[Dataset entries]
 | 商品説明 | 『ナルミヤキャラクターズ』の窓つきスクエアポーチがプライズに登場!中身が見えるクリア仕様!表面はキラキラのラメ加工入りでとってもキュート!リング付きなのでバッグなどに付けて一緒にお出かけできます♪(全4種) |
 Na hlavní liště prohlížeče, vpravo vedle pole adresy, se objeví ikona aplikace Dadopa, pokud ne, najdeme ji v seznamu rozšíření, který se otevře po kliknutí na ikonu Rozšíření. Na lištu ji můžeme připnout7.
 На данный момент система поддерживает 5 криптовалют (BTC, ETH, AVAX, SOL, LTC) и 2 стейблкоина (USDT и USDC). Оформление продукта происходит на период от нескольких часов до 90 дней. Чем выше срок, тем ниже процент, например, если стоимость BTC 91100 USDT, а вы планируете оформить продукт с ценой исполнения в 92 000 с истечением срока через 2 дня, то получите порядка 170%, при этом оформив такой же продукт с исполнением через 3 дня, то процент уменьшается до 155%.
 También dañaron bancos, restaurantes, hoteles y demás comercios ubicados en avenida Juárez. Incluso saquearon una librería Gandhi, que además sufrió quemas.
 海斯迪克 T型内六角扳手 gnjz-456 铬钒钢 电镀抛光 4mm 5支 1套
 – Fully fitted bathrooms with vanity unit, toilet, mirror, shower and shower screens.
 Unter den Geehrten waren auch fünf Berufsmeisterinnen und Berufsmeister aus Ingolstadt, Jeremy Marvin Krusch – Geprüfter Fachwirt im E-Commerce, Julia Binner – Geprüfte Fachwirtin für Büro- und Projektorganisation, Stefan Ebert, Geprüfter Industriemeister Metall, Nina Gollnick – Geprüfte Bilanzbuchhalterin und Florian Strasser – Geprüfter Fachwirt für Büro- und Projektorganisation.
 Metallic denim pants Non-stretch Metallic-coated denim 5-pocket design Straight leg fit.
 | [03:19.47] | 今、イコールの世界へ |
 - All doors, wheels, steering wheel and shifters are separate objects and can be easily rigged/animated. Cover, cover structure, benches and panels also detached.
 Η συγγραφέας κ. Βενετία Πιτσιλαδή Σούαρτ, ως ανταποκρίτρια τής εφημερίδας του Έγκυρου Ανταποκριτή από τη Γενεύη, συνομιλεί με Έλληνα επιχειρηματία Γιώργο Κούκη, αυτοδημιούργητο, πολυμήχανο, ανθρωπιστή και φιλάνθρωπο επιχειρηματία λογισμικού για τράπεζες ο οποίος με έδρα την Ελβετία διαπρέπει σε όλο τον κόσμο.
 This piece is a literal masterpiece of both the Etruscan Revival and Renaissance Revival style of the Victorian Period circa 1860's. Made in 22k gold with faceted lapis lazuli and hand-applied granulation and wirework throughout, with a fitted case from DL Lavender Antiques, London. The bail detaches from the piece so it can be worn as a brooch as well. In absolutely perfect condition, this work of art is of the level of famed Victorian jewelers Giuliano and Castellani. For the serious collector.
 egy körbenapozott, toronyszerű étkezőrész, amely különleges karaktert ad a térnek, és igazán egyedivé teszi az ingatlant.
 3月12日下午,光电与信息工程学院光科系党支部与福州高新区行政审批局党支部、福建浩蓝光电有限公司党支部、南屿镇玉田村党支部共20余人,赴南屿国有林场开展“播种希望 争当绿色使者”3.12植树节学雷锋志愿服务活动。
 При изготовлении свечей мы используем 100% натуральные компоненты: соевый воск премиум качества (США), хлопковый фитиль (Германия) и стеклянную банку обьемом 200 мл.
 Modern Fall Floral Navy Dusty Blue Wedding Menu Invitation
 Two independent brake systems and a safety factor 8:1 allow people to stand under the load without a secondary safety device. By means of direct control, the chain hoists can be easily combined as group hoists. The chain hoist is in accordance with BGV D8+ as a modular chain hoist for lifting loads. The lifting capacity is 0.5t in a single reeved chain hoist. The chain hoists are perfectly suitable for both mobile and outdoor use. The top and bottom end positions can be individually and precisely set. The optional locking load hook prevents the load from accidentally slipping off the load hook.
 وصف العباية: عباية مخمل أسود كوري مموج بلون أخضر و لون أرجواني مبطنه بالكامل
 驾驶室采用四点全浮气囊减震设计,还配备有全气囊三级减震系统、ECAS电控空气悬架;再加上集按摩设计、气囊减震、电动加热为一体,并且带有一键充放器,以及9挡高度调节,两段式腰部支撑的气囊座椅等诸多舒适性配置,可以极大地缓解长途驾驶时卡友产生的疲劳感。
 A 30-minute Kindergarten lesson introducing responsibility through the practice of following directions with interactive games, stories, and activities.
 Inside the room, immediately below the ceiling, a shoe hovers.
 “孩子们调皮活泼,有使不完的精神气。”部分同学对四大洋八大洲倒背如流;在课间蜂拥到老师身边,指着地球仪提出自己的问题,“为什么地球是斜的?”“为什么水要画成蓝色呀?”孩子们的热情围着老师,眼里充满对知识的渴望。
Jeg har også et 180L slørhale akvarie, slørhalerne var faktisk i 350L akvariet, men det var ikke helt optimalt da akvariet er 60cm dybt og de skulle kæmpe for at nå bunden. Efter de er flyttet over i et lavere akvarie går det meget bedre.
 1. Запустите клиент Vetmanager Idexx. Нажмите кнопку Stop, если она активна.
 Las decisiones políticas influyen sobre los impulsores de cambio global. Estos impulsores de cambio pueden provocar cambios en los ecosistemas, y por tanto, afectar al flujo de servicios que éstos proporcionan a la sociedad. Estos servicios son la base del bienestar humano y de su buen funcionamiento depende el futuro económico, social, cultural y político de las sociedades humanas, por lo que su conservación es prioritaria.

_Your instructions_
Which lines hold the string "both"? Copy all of them from the data above.

_Response below_
 This piece is a literal masterpiece of both the Etruscan Revival and Renaissance Revival style of the Victorian Period circa 1860's. Made in 22k gold with faceted lapis lazuli and hand-applied granulation and wirework throughout, with a fitted case from DL Lavender Antiques, London. The bail detaches from the piece so it can be worn as a brooch as well. In absolutely perfect condition, this work of art is of the level of famed Victorian jewelers Giuliano and Castellani. For the serious collector.
 Two independent brake systems and a safety factor 8:1 allow people to stand under the load without a secondary safety device. By means of direct control, the chain hoists can be easily combined as group hoists. The chain hoist is in accordance with BGV D8+ as a modular chain hoist for lifting loads. The lifting capacity is 0.5t in a single reeved chain hoist. The chain hoists are perfectly suitable for both mobile and outdoor use. The top and bottom end positions can be individually and precisely set. The optional locking load hook prevents the load from accidentally slipping off the load hook.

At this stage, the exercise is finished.